- 32°22′31″N 86°18′21″W﻿ / ﻿32.3752°N 86.3057°W
- Location: 219 Adams Ave, Montgomery, Alabama
- Country: United States
- Denomination: Roman Catholic Church
- Website: www.stpetermontgomery.net

History
- Status: Parish church
- Founded: 1834
- Dedication: St. Peter

Architecture
- Functional status: Active
- Architectural type: Church
- Style: Exterior: Spanish Colonial · interior: Romanesque Revival

Administration
- Province: Mobile
- Diocese: Mobile

Clergy
- Vicar: Rev A. Jayaraj
- Pastor: Rev. Saleth Mariadoss

= St. Peter Catholic Church (Montgomery, Alabama) =

St. Peter Catholic Church is the first Roman Catholic Church in Montgomery, Alabama, and the third oldest Catholic church in Alabama. It was opened in 1834, but had no resident pastor until 1850. Many of the church's original parishioners were converts from wealthy, educated, Protestant families.

== Church history ==
=== Construction history ===

==== 1800s ====
In 1833, arrangements were made to build the church on a property, donated by Edward Hanrick, on the corner of Lawrence Street and Adams Avenue. It is the only church in Montgomery that had to collect a building fund. In April 1834, a small frame building, the first church on the site, was consecrated by Bishop Michael Portier of Mobile.

In 1851, it was decided that the church was too small for the growing congregation.

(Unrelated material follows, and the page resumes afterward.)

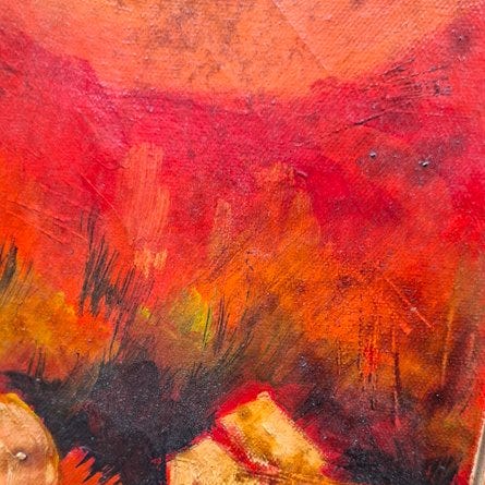 Maleriet er udført i olie på træpanel 50x75 med titlen "Tauromachia"
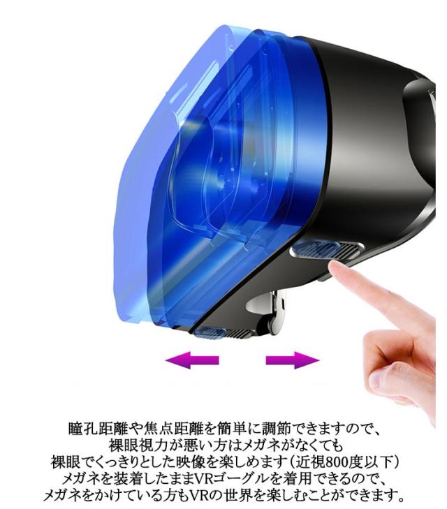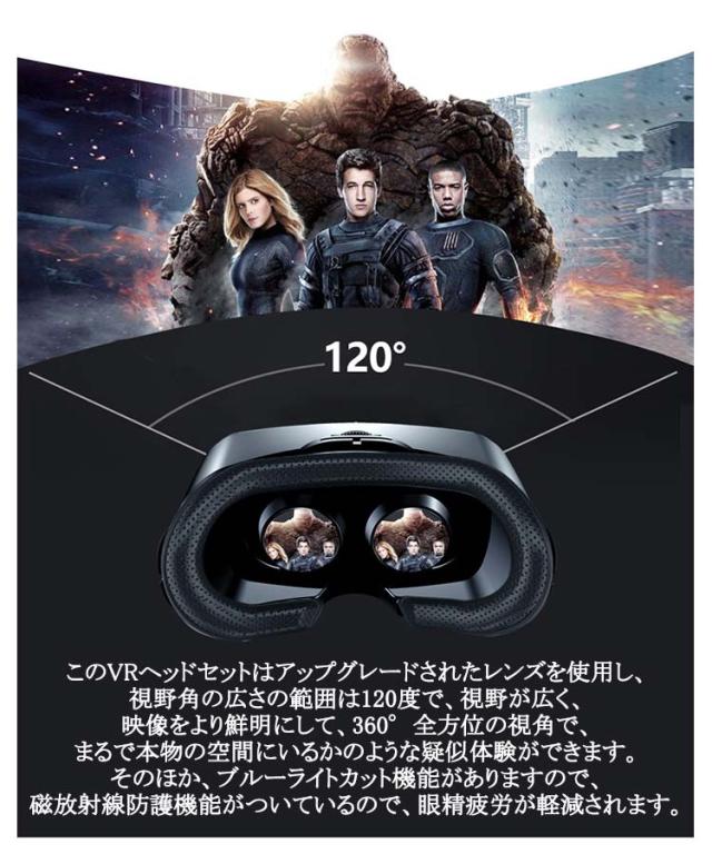 | 【5〜7インチ幅広い機種対応】 最新iPhoneと Android にも問題なく対応! 本体で映画の停止/再生/音量+/-/電話を受けるなどを操作可、800°以下の近視に適用、取り外す可能のフロントパネルで放熱性優れた、1080PHD高画質、120度の広い視野角、 5〜7インチスマホに対応、非球面光学レンズを採用、瞳孔と焦点距離を別に調節でき、全部言ったの性能を含めて、お客様に絶妙な3D映像や立体感のある360度動画を 提供できます。家にまるで映画館のスクリーンで見ているのような映像を楽しむことができます。 このVRヘッドセットはアップグレードされたレンズを使用し、視野角の広さの範囲は120度で、視野が広く、映像をより鮮明にして、360°全方位の視角で、まるで本物の空間にいるかのような疑似体験ができます。そのほか、ブルーライトカット機能がありますので、磁放射線防護機能がついているので、眼精疲労が軽減されます。 120度の広い視野角を採用しており、首を大きく回さなくても仮想世界を見渡すことが可能です。VRに最適化された1080PHD画質レンズにより、リアルで臨場感たっぷりのVR映像が楽しめます。 瞳孔距離や焦点距離を簡単に調節できますので、裸眼視力が悪い方はメガネがなくても裸眼でくっきりとした映像を楽しめます(近視800度以下)メガネを装着したままVRゴーグルを着用できるので、メガネをかけている方もVRの世界を楽しむことができます。 直接触れる部分は顔に跡が付きにくいクッションを採用して、且つ人間工学的デザインを採用して頭に固定するバンドで、長時間使用しても首に負担がかかりません、首や頭が疲れがありません。また、頭部に固定するための合成皮革製ベルトは伸縮性があり、長さも調節可能で、頭にぴったりとフィットするのでズレや落ちる心配もありまん。フロントパネルは放熱性に優れた粘着設計で、通気性に優れているのでスマホ使用時の熱を内部から逃し、視界が曇るのを防ぎます、長時間使っても暑さを感じません。 | |

A new church was built next to the smaller one and was complete in 1852. By 1854, the building cost $7,000 and was paid for in gold. The second consecration occurred in 1854 by Bishop Timon of Louisiana, assisted by Bishop Michael Portier. In 1882, twenty-five feet were added to the front of the building, along with towers, during Reverend Savage's time there.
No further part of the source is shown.